> [REQUIRED ACTION]: Wherever a picture appears in the listing, leave it out, and copy the rest exactly.

> [EXERCISE DATA]:
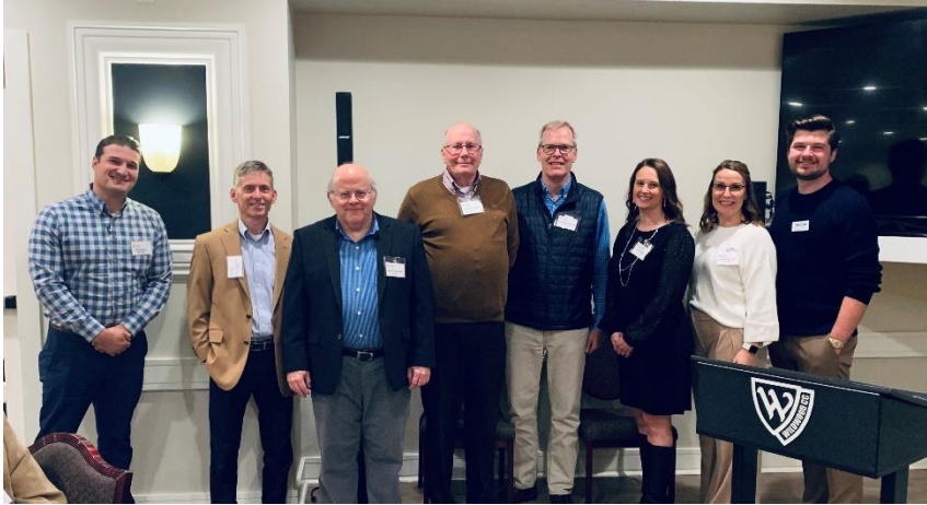
2024 Board of Directors
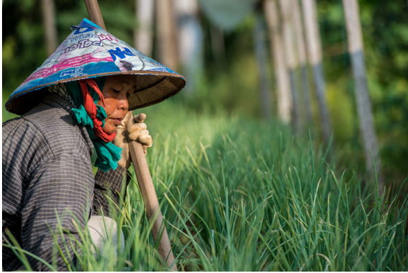
Farmer of organic vegetables along the economic corridors.
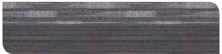
14 | Silver Screen

> [RESULT FOR THIS EXERCISE]:
2024 Board of Directors
Farmer of organic vegetables along the economic corridors.
14 | Silver Screen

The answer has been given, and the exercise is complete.